**INSTRUCTIONS TO FOLLOW**
Instruction for the entries below: return the part that opens with the line containing "Frankfurt Book Fair 2011" and closes with the line containing "Limassol - Sea Front and Park", exactly, and no pictures.

**DATA FOR THE TASK**
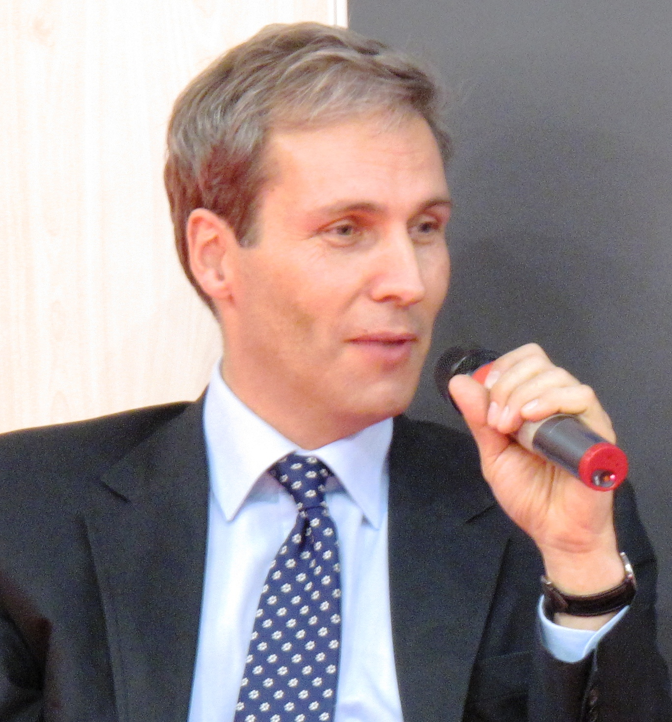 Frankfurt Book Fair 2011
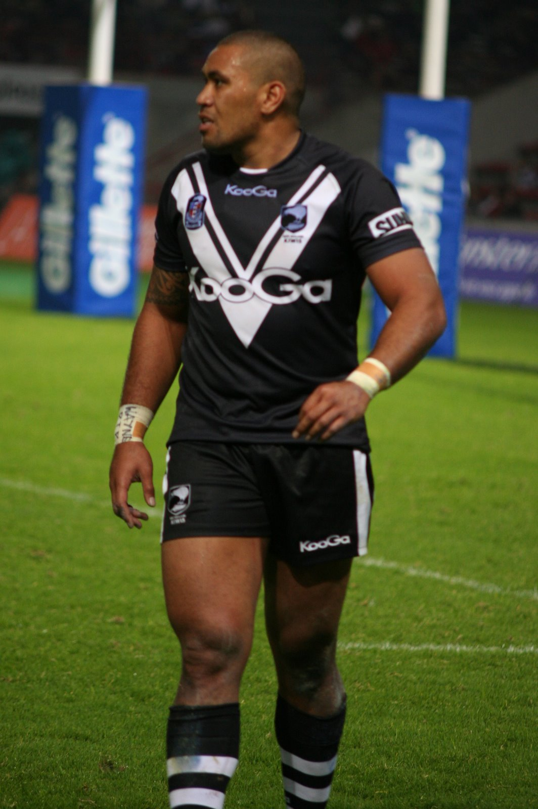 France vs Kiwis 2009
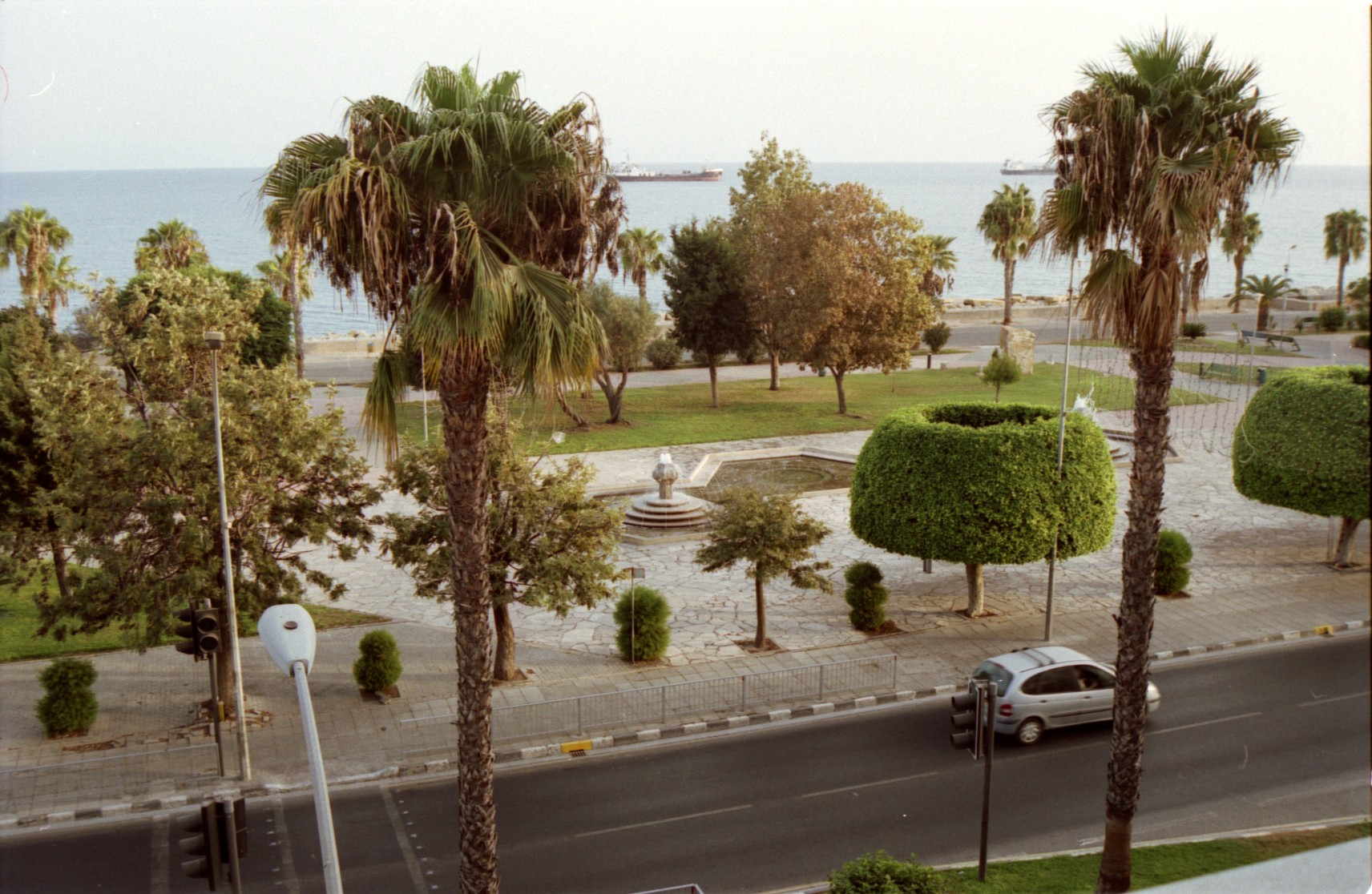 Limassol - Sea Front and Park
==
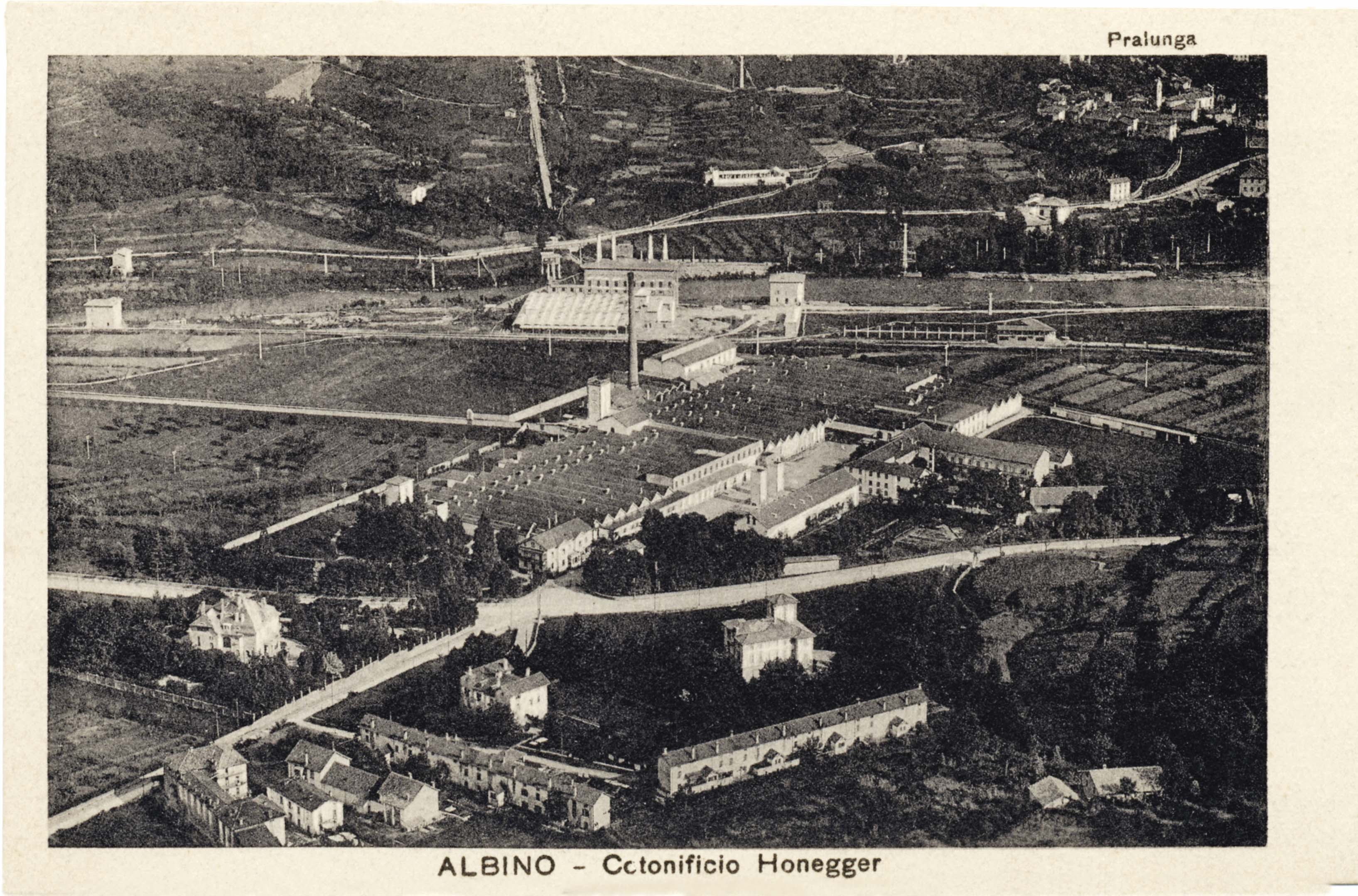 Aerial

**SOLUTION**
 Frankfurt Book Fair 2011
 France vs Kiwis 2009
 Limassol - Sea Front and Park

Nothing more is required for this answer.